Post by 4littlebears on Feb 12, 2015 11:03:30 GMT -5
For me, they're getting worse. Maybe it's since my mom left. But I just couldn't do anything yesterday outside of holding and caring for S. Now I just had a flashback to an embarrassing situation that I totally handled the wrong way and I want to cry about it all over again even though it was 6 years ago. I'm not doing too well this week. DH and I are fighting all the time. He just made me a lovely breakfast this morning and I couldn't even kiss him. And I yelled at him for leaving his magazine in the wrong place (mostly yelled because he was upstairs from me, but still) ugh.
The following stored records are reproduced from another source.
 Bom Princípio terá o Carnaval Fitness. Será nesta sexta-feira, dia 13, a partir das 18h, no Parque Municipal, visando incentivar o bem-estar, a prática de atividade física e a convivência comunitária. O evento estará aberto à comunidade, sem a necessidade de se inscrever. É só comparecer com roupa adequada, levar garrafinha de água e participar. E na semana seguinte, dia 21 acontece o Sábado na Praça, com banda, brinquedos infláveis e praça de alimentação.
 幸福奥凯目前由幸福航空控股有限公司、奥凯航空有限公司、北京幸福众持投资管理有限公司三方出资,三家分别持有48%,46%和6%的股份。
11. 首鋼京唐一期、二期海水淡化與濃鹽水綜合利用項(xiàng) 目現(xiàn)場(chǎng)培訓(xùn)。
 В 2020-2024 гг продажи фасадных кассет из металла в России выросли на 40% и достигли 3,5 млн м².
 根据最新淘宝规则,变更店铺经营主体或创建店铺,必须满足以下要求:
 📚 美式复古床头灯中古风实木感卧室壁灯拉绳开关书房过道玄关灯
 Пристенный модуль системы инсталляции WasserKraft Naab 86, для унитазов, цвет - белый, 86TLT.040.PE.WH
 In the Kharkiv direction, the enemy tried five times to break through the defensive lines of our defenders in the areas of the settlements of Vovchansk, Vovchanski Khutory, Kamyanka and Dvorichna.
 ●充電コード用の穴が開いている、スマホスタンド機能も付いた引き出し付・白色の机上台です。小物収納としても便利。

I'm not sure if it's good to unload that or not.
I have 4 little bears, just like my name says. 2 girls 2 boys ages 8,5,3, and my newest babe. 2 of my little bears have life threatening food allergies, feel free to ask me more about that!
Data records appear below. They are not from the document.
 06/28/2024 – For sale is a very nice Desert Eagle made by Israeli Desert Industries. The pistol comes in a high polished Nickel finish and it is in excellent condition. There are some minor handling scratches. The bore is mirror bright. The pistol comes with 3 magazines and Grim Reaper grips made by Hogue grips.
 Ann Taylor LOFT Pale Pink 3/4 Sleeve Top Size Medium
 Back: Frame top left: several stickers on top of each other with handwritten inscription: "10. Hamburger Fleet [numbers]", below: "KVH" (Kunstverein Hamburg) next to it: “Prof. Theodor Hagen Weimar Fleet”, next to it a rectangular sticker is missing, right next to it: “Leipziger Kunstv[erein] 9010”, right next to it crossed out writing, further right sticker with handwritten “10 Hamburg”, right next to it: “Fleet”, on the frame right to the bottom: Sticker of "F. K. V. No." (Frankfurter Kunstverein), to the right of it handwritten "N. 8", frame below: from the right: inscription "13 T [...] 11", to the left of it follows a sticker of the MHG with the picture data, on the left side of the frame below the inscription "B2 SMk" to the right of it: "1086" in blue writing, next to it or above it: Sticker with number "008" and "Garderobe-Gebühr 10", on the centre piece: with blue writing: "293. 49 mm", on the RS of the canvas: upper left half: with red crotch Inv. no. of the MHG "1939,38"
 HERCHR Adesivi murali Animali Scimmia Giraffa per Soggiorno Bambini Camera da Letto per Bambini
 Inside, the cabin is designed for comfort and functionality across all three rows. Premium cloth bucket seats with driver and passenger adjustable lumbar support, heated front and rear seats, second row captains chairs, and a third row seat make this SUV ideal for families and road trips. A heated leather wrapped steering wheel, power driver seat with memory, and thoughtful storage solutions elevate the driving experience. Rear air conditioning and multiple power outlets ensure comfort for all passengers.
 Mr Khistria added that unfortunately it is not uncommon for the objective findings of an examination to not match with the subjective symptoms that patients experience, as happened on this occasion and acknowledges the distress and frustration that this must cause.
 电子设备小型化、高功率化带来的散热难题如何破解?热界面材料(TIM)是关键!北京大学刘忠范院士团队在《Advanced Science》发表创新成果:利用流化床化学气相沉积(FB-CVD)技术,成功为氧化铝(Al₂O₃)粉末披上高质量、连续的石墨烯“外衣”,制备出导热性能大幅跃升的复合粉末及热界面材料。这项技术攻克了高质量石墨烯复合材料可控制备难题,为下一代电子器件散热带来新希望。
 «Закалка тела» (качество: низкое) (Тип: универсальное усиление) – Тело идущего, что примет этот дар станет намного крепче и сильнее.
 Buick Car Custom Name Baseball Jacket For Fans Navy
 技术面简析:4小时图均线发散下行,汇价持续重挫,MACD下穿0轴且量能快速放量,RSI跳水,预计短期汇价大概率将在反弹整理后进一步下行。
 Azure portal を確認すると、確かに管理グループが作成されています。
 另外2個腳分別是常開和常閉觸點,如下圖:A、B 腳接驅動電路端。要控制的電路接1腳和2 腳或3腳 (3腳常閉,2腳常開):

LO will be 6 weeks saturday and I'm still having bouts of unexplained tears...... Feeling lonely at home all day by myself with LO. Don't get me wrong I love him more then ever and feel extremely blessed. I'm not sure why I still feel sad?? It's making it tough because I have anxiety when my husband has to work late and is gone for 12 hours..... Anyone else feel this way or is it time for me to talk to my MW about this?
I still well up when I see a picture of my sweet doggie that passed on in October but the majority of the sobbing is over now that dh parents have left, they were seriously crappy to him growing up and really don't seem to care about him or his sister, eg dh sister came over and brought her puppy because my son loves her puppy and their mom stayed in the bedroom and refused to visit with her own daughter who she rarely sees because she thought it might upset her Pomeranian to be near the puppy. Seriously that woman only loves her dogs and I hope they're able to care for her when she gets old because I'm not doing it. I get that she was helpful in watching ds when we were in the hospital but she shows no love for her kids and it made me cry daily to think about what an awful childhood dh had and the disappointing relationship they've had as adults. My parents are super loving and really care about dh. Dh's step Dad was saying how he was a great parent because he controlled his temper and never hit dh with a switch...yeah that sounds like A+ parenting right there. I guess he was better than his own Dad but I can't even imagine growing up like that.